On my 388 SBC stroker in a 6300 lb 1977 chevy silverado i run an AFB Carter Carb it has mechanical secondaries i believe, do any of you like these carbs?...or am i killing my engine by owning one of these.........
its a beefed up version of the 1/2 ton longbed reg cab i believe they actually called it a 5/8 ton or heavy half or something of that matter on the door jam sticker it says it weighs 6300..i assumed GM wouldnt lie to me lol
ok guys i apriciate it, thnx i guess its just a problem with mine is there any special method to tuning one b/c i cant seem to get this one tuned right....? no matter how much i turn the screws in any way the motor runs the same.....it also trys to die if i ease into the throttle it will stay running if i punch it though......any idea's there?
If its an early AFB there (with no idle stop screw) it can be a ****** to tune. They are mostly set up for their original configuration and not much else. They had two fuel mixture screws and one big idle air bleed screw. I had one on a 66 Pontiac 389. After I altered it with an RV cam it never would idle right
Later ones (sometime in the 70s) they went to a more typical idle setup and they are much more tuneable.
i just spent over $180 havign the carb totally rebuilt last year, there shouldnt be anything wrong with it.......other than the fact i suck at tuning them.....i can build engines all day long but i dont really know how to tune a carb....
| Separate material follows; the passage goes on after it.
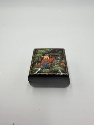 Folk Art Russian Wood Lacquer Box 80s Handpainted Fairy Tale woman in the well
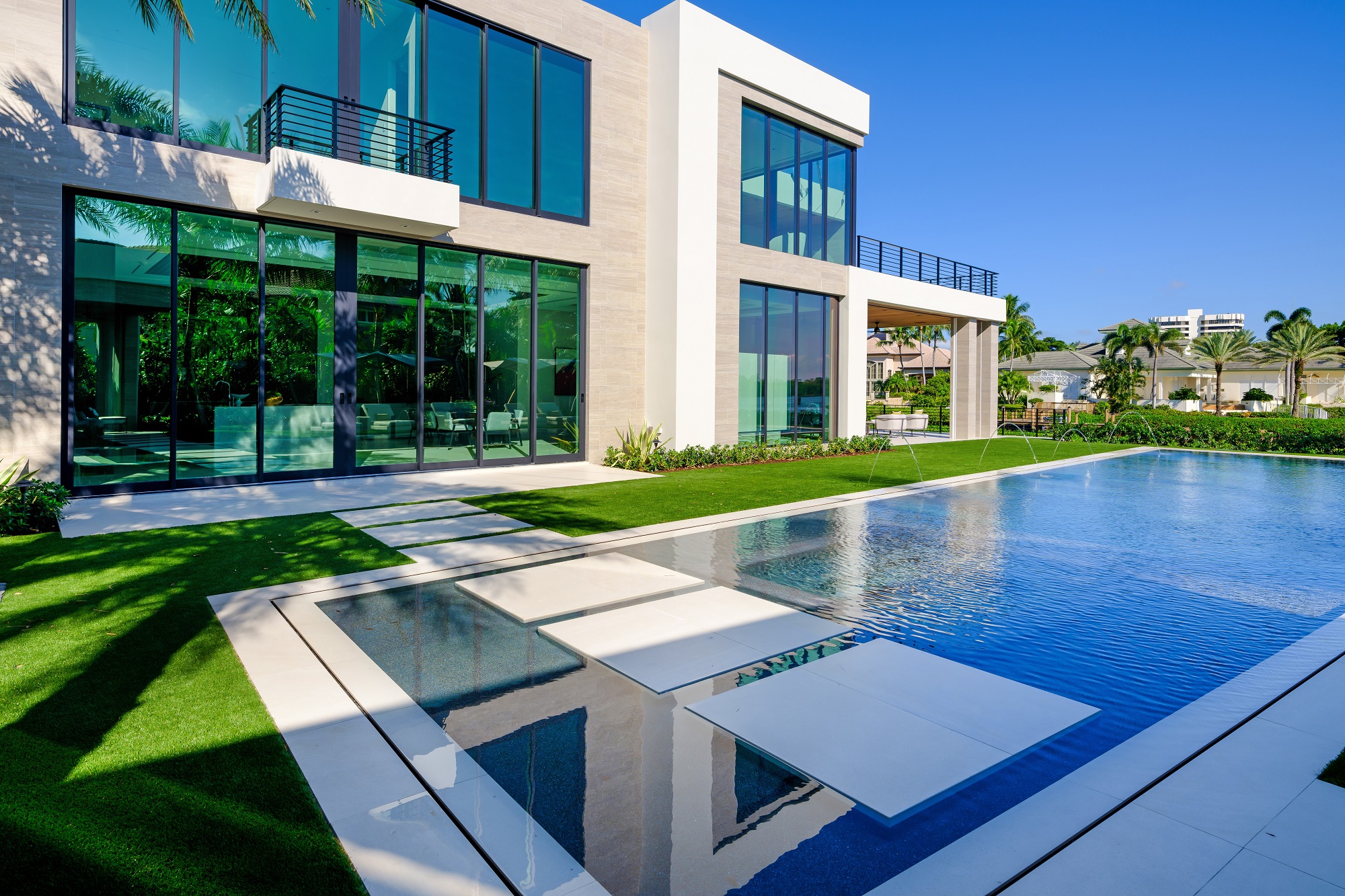Architect Benjamin Schreier of Affiniti Architects in Boca Raton, Fla., gave this home its unquestionably modern styling, with strong lines, light materials and glass walls. He provided a rough sketch of a long, narrow pool centered on the main room and jutting out toward the view of the Waterway to create an instant visual connection and sense of flow with the home.

I'm just getting to that point myself. I just finished building a Qjet. The previous owner had taken the choke off entirely and rigged up a bicycle cable to the dash to manually operate it. I had to find a fast idle cam and then fabricate 3 linkages for the vacuum brake and one link from the divorced choke to the choke bell. Talk about learning curves
The two best pieces of advice I got were; use common sense, and wait. I used to get frustrated because I'd turn the idle needle a half turn and nothing would happen to the vacuum gauge so I'd turn some more. Eventually I got frustrated and started chasing my own tail. That's where the wait part comes in. Make an adjustment and then wait 30 seconds for it to stabilize.
The two best tools I found for tuning a carb are the papers that come with the rebuild kit, and the shop manual for your vehicle. They have all the tune-up specs and bench settings. Then using some deductive reasoning start changing things in the direction you think they need to go.